Strongly seconding the warning from @Nic Brough -Adaptavist-!!!

That said, some people like to poke around under the hood... :)

Our instance necessitates DB updates sometimes. We use SQL to redact potentially sensitive text without deleting tickets. (Just editing a field doesn't remove the old value from the history tab so sensitive text could still be visible.)

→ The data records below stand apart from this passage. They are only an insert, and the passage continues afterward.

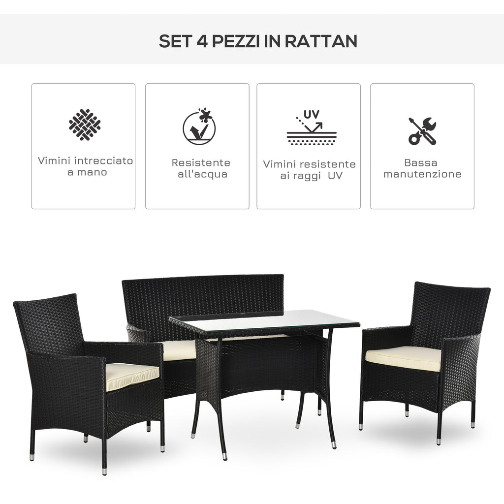 - 4-TEILIGES SET: Dieses 4-teilige Gartenmöbel-Set besteht aus 2 Sesseln, einem 2-Sitzer-Sofa und einem Tisch. Der Rahmen aus PE-Rattan verleiht ihm eine elegante Optik. Es ist ideal, um entspannte Momente mit Familie oder Freunden zu verbringen.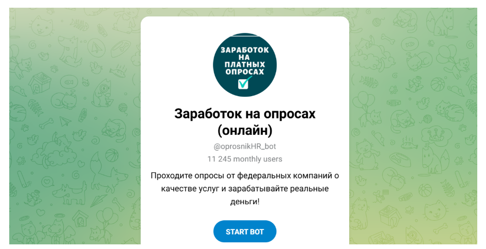 Сервис Oprosnikhr Bot – это был Telegram-бот, где предлагали зарабатывать на онлайн-опросах. По их словам, анкеты якобы шли от имени крупных федеральных компаний. Схема простая: отвечаешь на вопросы, получаешь вознаграждение. В описании делали акцент на легкий старт: опыт не нужен, навыки тоже. Все обещали оформить прямо в чате с ботом. Выплаты быстро и без лишних шагов, прямо в Telegram, как утверждали авторы. Именно так сервис себя и позиционировал.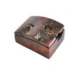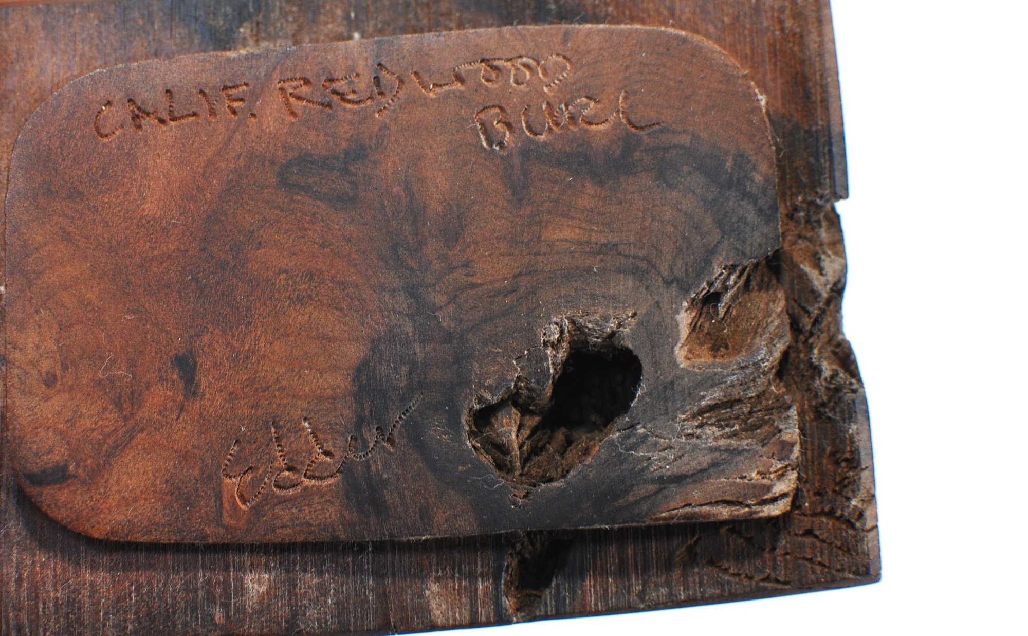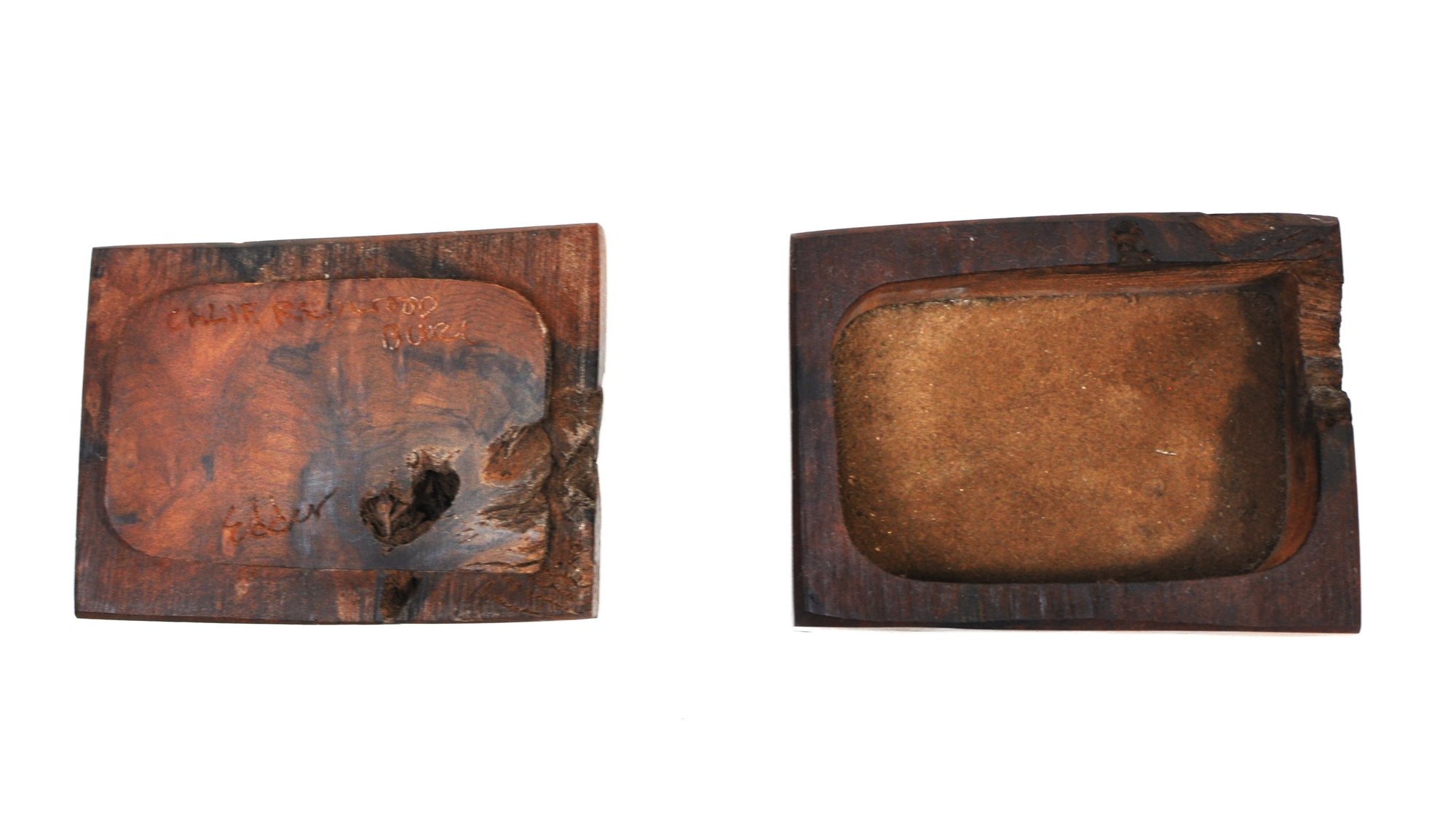 The interior is lined with suede, providing a soft, finished surface suitable for jewelry, keepsakes, or desk use. The underside of the lid is carved and marked “Calif. Redwood Burl / Edder,” identifying the artisan and material.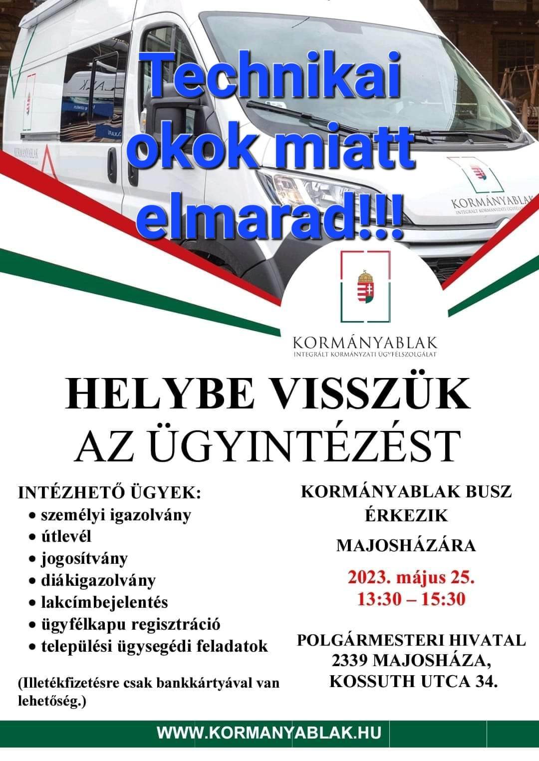ELMARAD! Kormányablak busz Majosházán 2023.05.25., 13:30-15:30
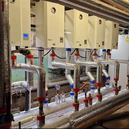 - Hybrid systems where an electric boiler backs up a heat pump in cold weather.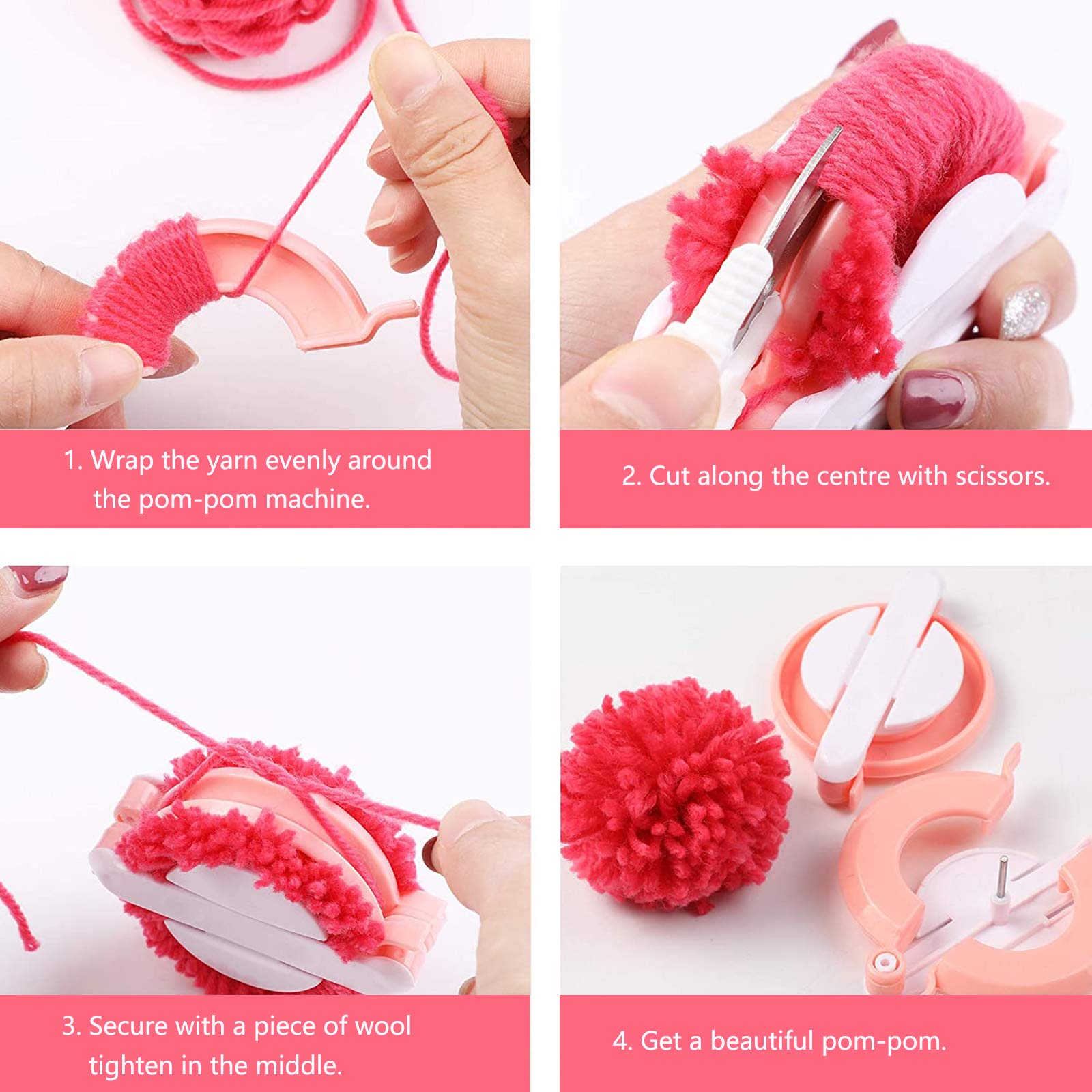 Jednym z kluczowych elementów zestawu jest także nożyczki, które są odpowiednie zarówno dla dzieci, jak i dorosłych. Dzięki nim łatwo i precyzyjnie można przyciąć wełnę i uformować idealny kształt pomponu. Zestaw jest łatwy w użyciu i idealny zarówno dla początkujących, jak i doświadczonych twórców.
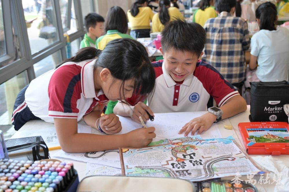 比赛现场,参赛选手们手持彩笔、马克笔、水彩等工具,在画纸上用心创作。鳌鱼舞、端午龙舟、广彩、飘色等非遗元素与现代创意交融,古老非遗在青春笔触中焕发新生。参赛选手钱同学表示,比赛前做了充分准备,查阅了大量番禺非遗资料,还专门向长辈请教鳌鱼舞的历史和动作特点,并练习了多种手抄报排版技巧。参赛选手王同学则以敦煌石窟为题材进行创作,她告诉记者,最近正在学习关于敦煌的课文,被壁画艺术深深吸引,希望通过手抄报将敦煌文化与番禺本土非遗相结合,表达对中华优秀传统文化的热爱。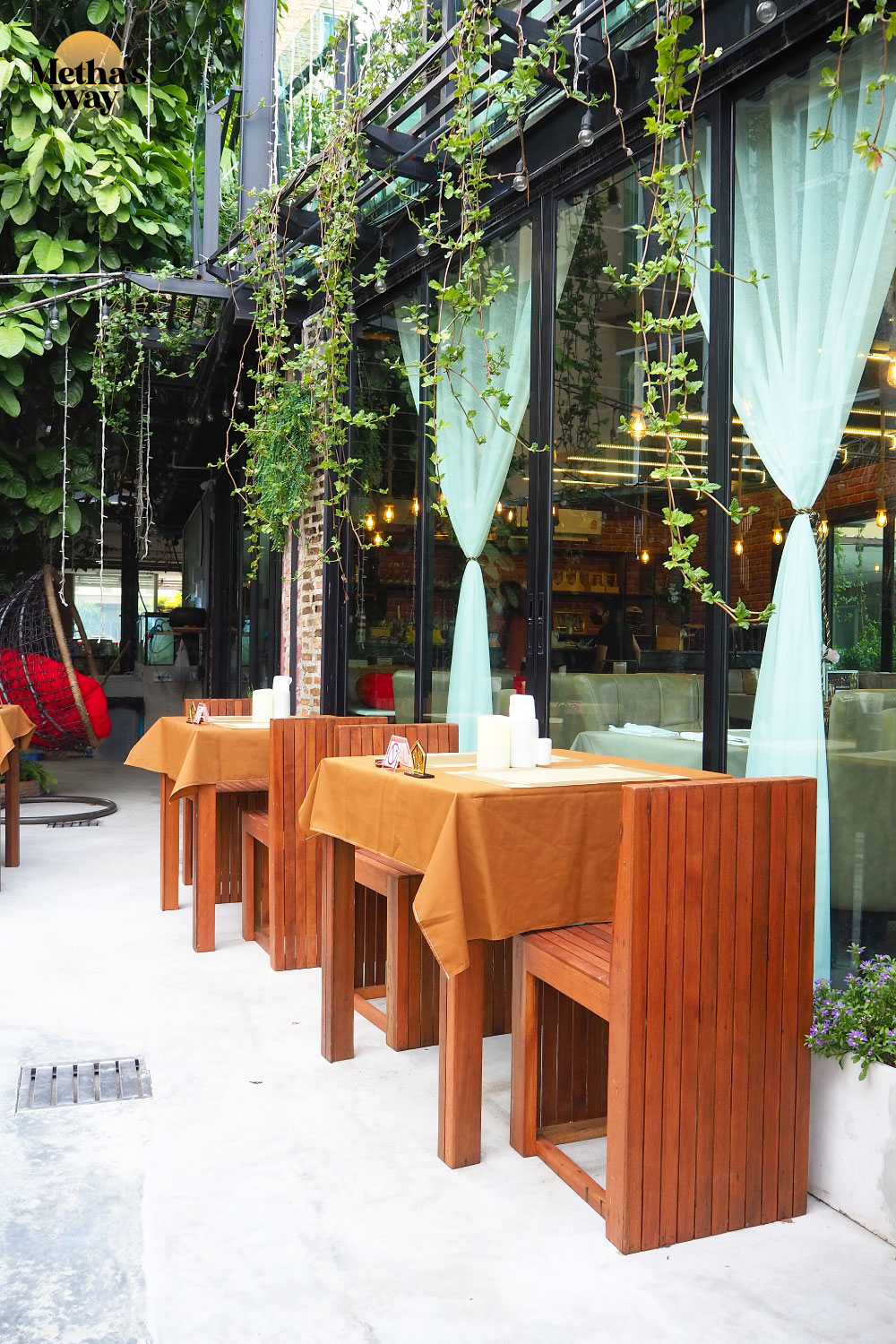 สว่าง โปร่ง มีต้นไม้ โต๊ะส่วนใหญ่จะเป็นโต๊ะคู่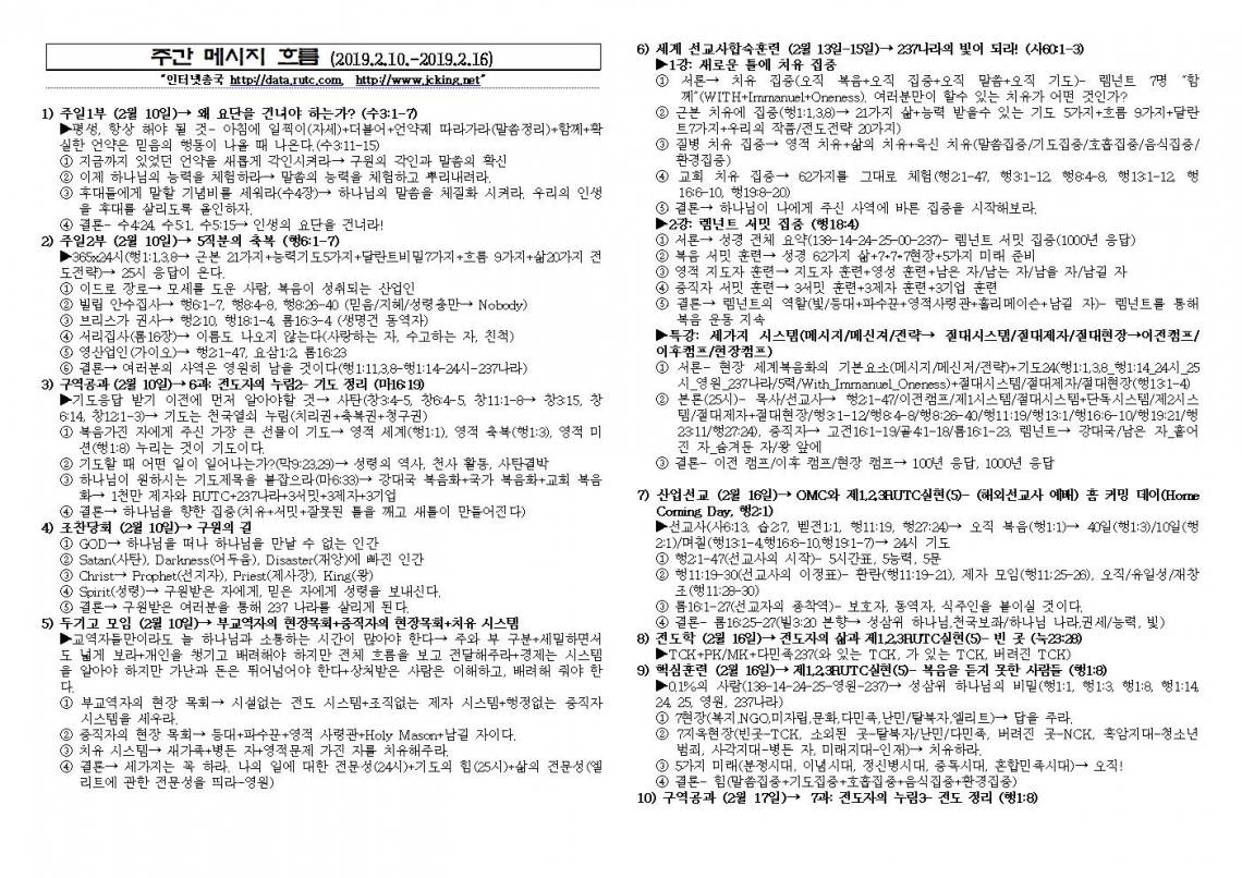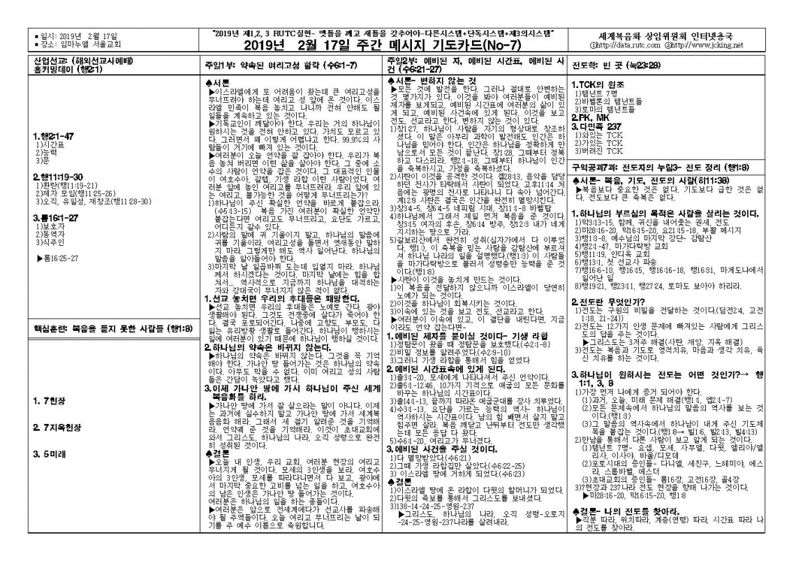 2019년 2월 17일 주일예배 메시지 기도카드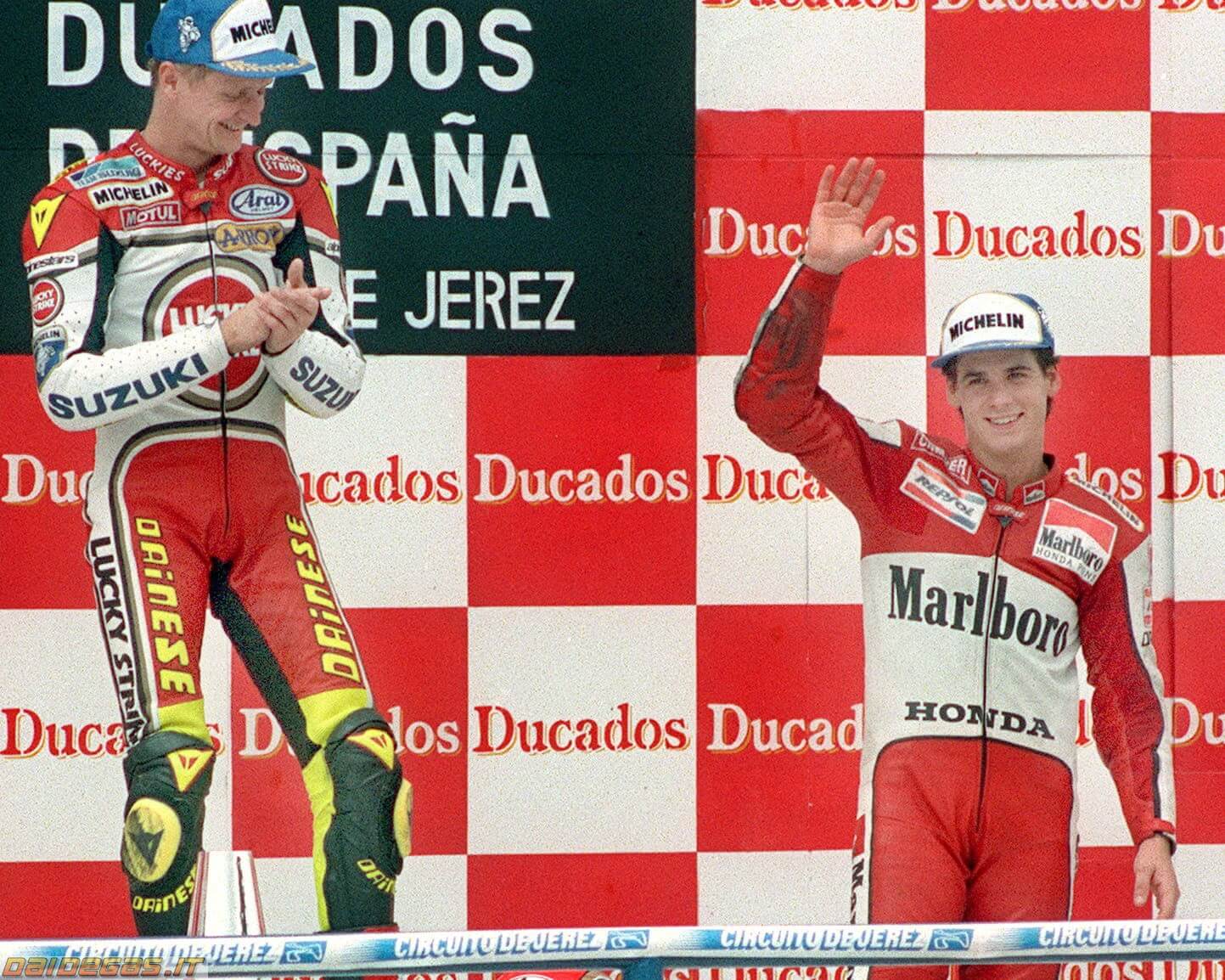 Kevin Schwantz sul podio con Alex Criville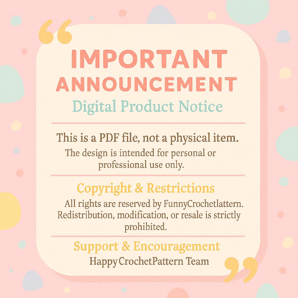 All patterns and designs are the intellectual property of FunnyCrochetPattern. You may sell finished products made from this pattern, but redistribution or reselling of the pattern itself is strictly prohibited.
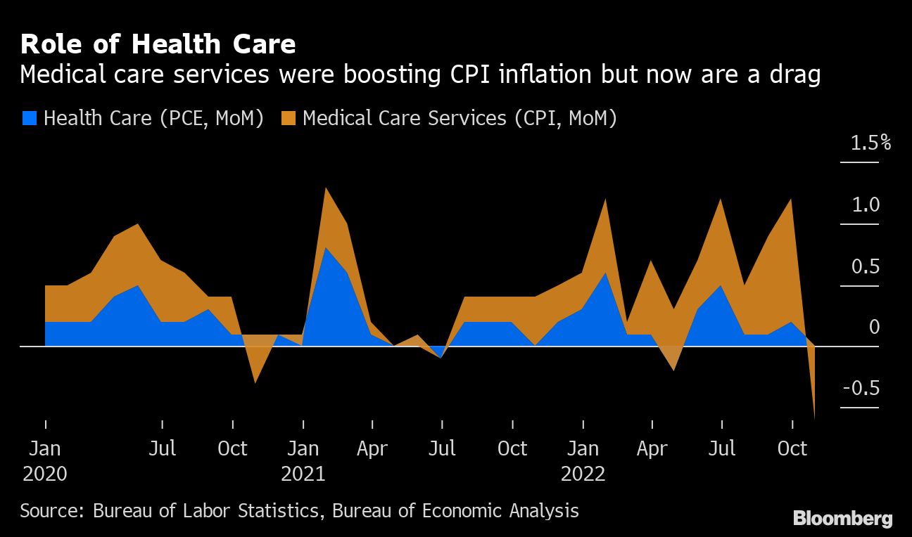 As a result, health care makes up nearly a fifth of the core PCE gauge but only around 11% of the core CPI, said Omair Sharif, founder of Inflation Insights LLC.
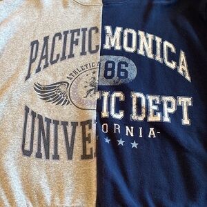 The best of both schools. This upcycled sweatshirt is so soft and comfy you’re gonna want to lounge around all day in it. Great condition overall — the gray side has some piling on the material.

Here is the oracle SQL we use to join all these tables together to basically recreate a ticket's changelog.(Enter your ticket key on the last line) Check out the join clauses to answer your question.
(Works on Jira 6.1+)

SELECT
p.pkey||'-'||i.issuenum as "KEY",
ci.field,
cg.created as Modified,
dbms_lob.substr(ci.oldstring, 4000, 1) as OLD_String,
dbms_lob.substr(ci.newstring, 4000, 1) as NEW_String,
dbms_lob.substr(ci.oldvalue, 4000, 1) as OLD_Value,
dbms_lob.substr(ci.newvalue, 4000, 1) as NEW_Value,
ci.id as Change_Item_Id
FROM changeitem ci
JOIN changegroup cg on ci.groupid = cg.id
JOIN jiraissue i on cg.issueid = i.id
JOIN project p on i.project = p.id
WHERE p.pkey||'-'||I.issuenum in ('KEY-123')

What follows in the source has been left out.